For pronunciation, SpeechRater includes segmental and suprasegmental features. The five segmental measures relate to the likelihood of phones compared to a reference model. Suprasegmental features relate to stress (five features), tone/intonation (two features), and rhythm (12 features). For the stress features, shorter distances and more uniform intervals between stressed syllables receive higher scores. Similarly, tone features relate to distance between tone units but correlate less to proficiency scores. The rhythm features focus on interval-based aspects of vowel sounds, consonant sounds, and syllables in the speech signal. In terms of construct representation and previous research on pronunciation-related features, it appears that SpeechRater, although providing a comprehensive coverage of temporal, fluency, stress, and rhythm features, is somewhat limited in its assessment of segmental features. For example, although phone likelihood comparison is included, it provides only one measure for vowel duration (comparing mean test taker vowel and expert speaker vowel durations). At the suprasegmental level, tone/intonation is limited to only two features.

The ordinate scoring system (Pearson, 2019) is the automatic speech scorer that underlies the PTE Academic. It is trained on a large number of responses from test takers and scores from human raters. Pearson (2019, p. 6) claims to measure “many hundreds of linguistic and acoustic features in each response,” with the following example types mentioned specifically for pronunciation: pace, timing, rhythm, power of voice, emphasis, intonation, and accuracy of pronunciation. These features are grouped into pronunciation and fluency and intonation. Pearson (2019) reports that the correlation between ordinate machine scores and human scores was r = .96. There is limited transparency about how specific ordinate features map to overall pronunciation (including comprehensibility and intelligibility) and little detail on how certain segmental and suprasegmental features are measured.

Finally, CASE is the automatic speech scorer used to score the Linguaskill General Speaking test (Linguaskill) by Cambridge Assessment English. Xu et al. (2021) have described the features of CASE (Version 1.9) as being related to the subconstructs of intelligibility, intonation, fluency, vocabulary, and grammar. The exact features (or number of features) of CASE are not publicly available; instead, validation of the automatic scorer is presented in terms of the reliability of the results when compared to human ratings (56.8% exact agreement and 96.6% adjacent agreement between automatic speech scorer and human grades; Xu et al., 2020).

For each speaking item scored by the Duo Speaking Grader, the automatic speech scorer extracts features and then combines them into a single portfolio that is graded using a machine learning (ML) model.

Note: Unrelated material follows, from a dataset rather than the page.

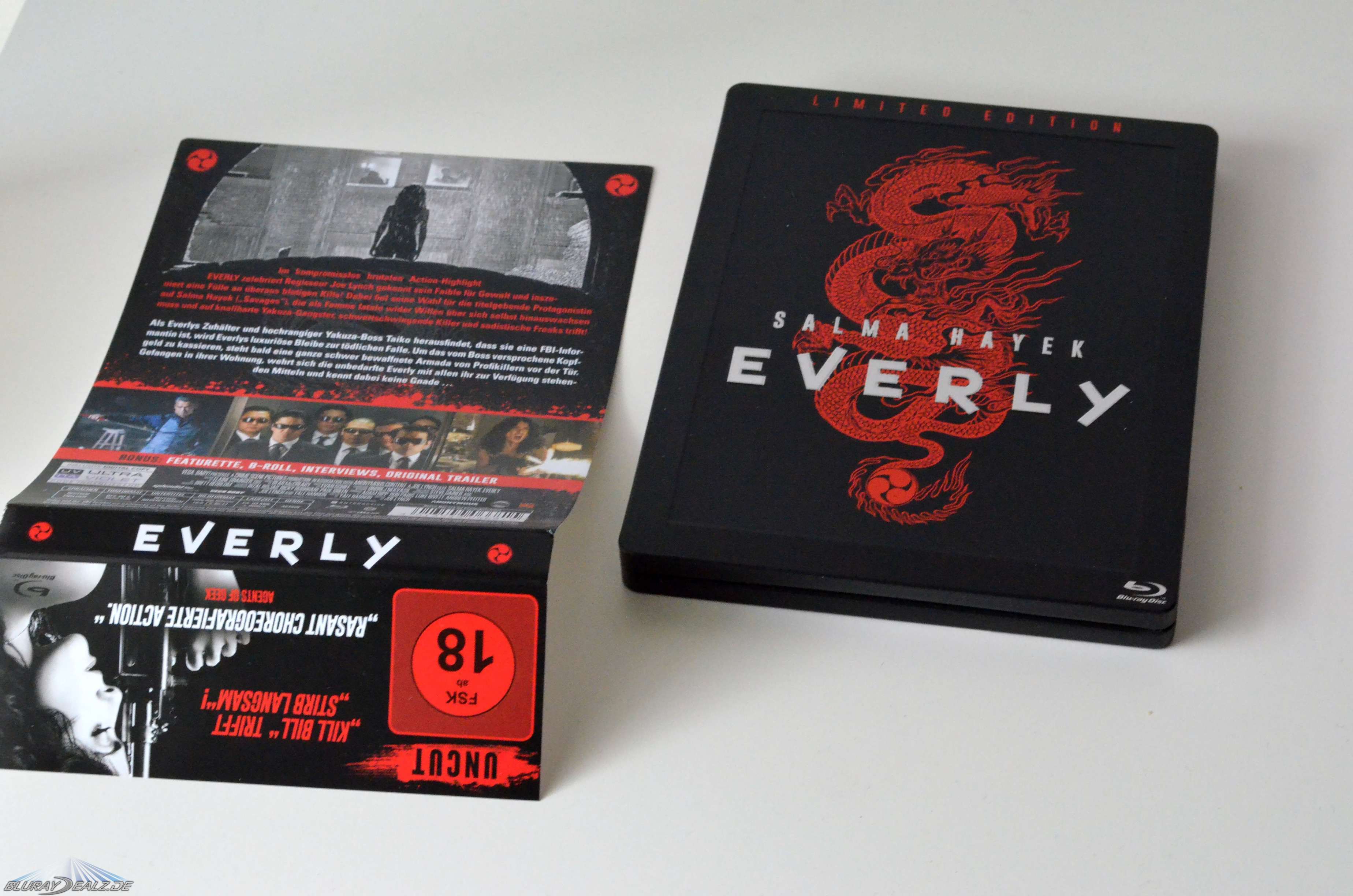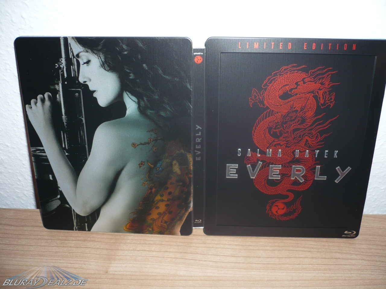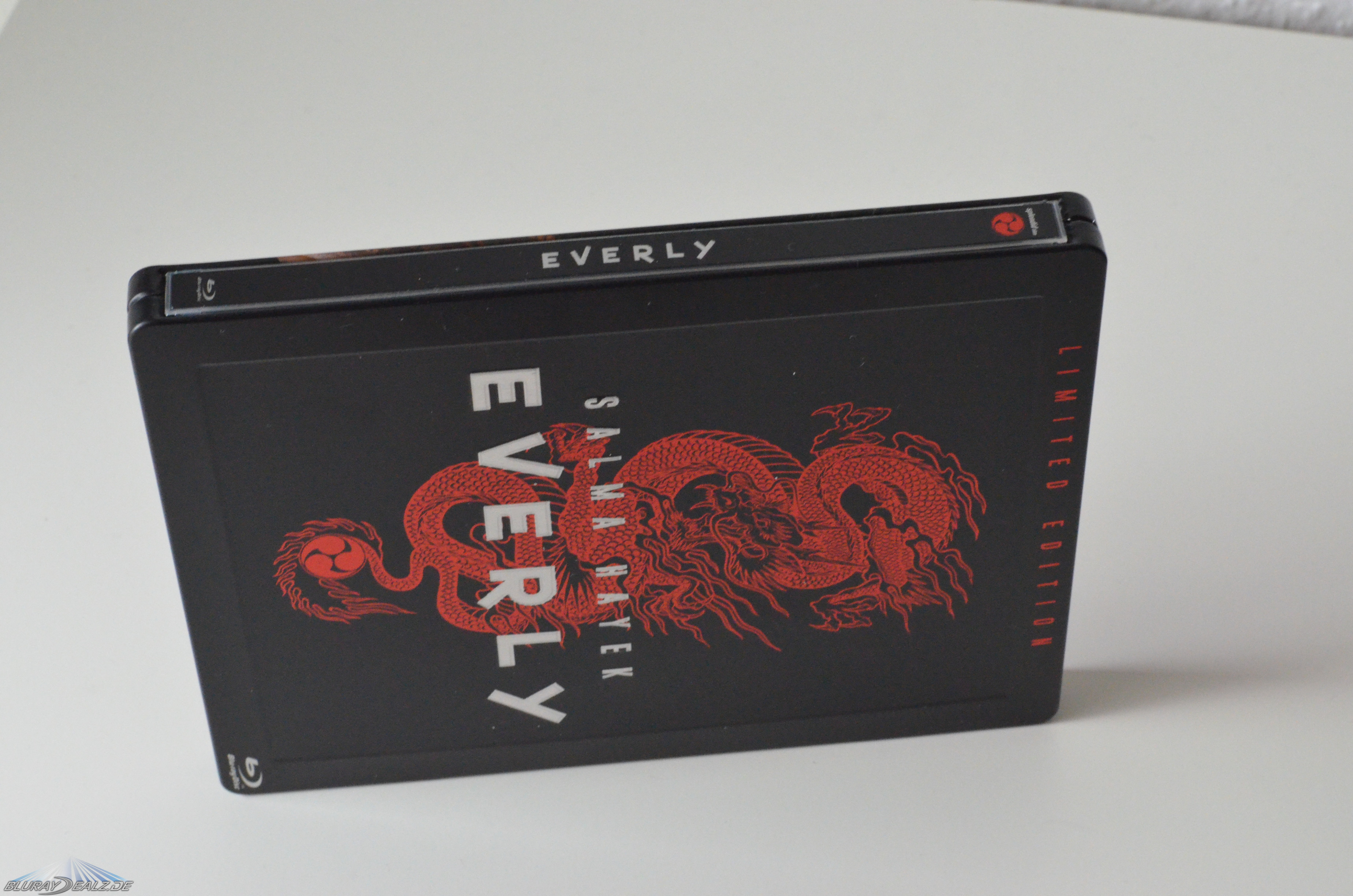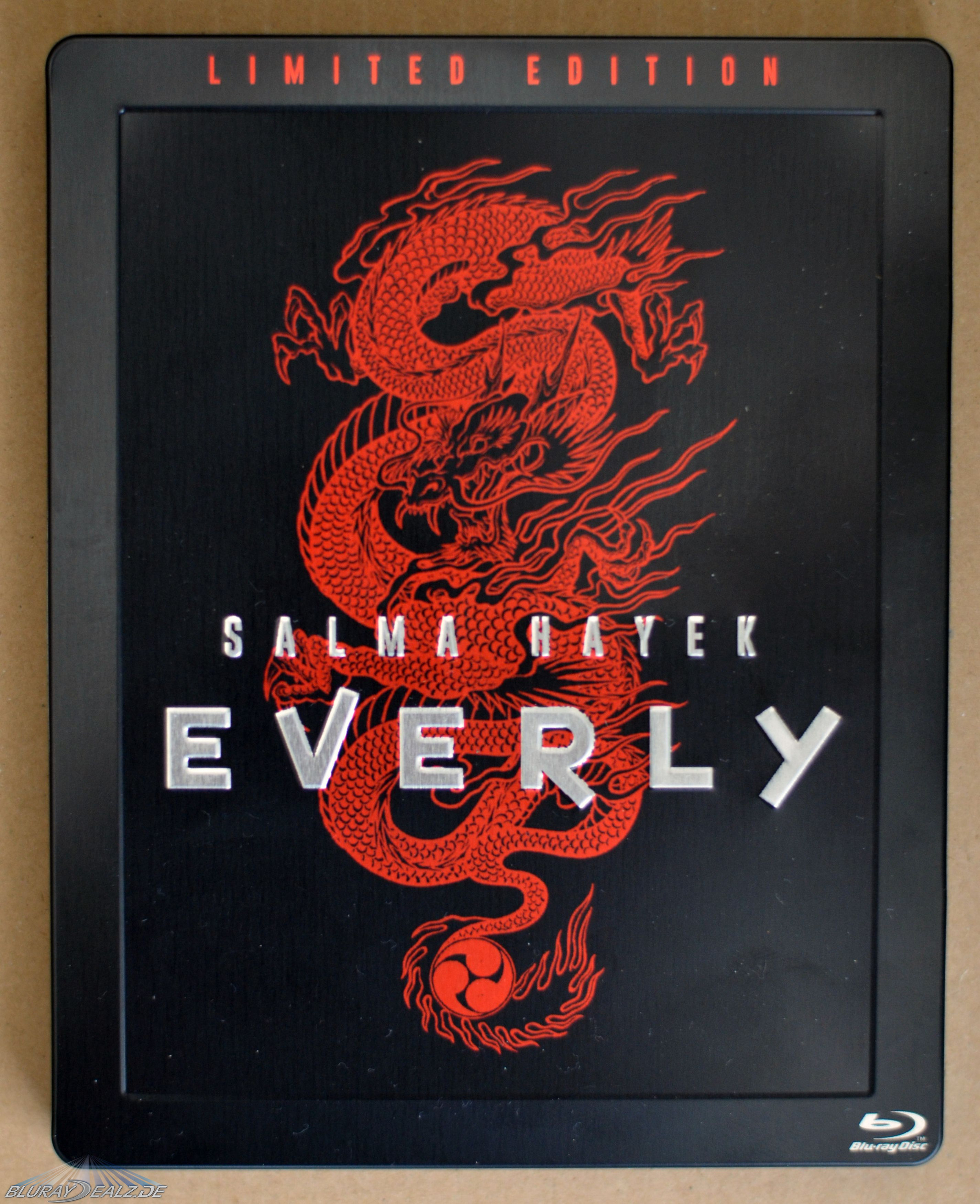Im mittleren Bereich des Covers ist im selben roten Farbton ein Drache dargestellt, das typische Symbol für die Yakuza. Auf dem Drachenbild ist in Silber der Titel „Everly“ sowie der Name der Hauptdarstellerin „Salma Hayek“ aufgeprägt. Das ganze Cover besitzt also nur 3 Farben (Schwarz, Rot, und Silber) und wirkt dadurch sehr aufgeräumt, übersichtlich und hebt damit den Schriftzug und den Drachen ab.

The current features have been grouped into six subconstructs: content, discourse coherence, vocabulary, grammar, fluency, and pronunciation (Cardwell et al., 2024). The current model contains pronunciation and fluency features that relate to the length of the response (e.g., total number of tokens, total duration), the speed of the response (e.g., words per second), and accuracy, measured through the acoustic model's confidence in the transcription. In essence, this score can be seen as a proxy for intelligibility as it is the extent to which the ASR model can actually “understand” test taker speech.

Current automated scoring systems include elements that are typically proxies for intelligibility and comprehensibility, operationalized through finer-grained fluency, segmental, and suprasegmental features. This paper reports on the development of a feature for the Duo Speaking Grader that is a more holistic measure of pronunciation, including aspects of intelligibility and comprehensibility, in order to improve measurement of the speaking construct.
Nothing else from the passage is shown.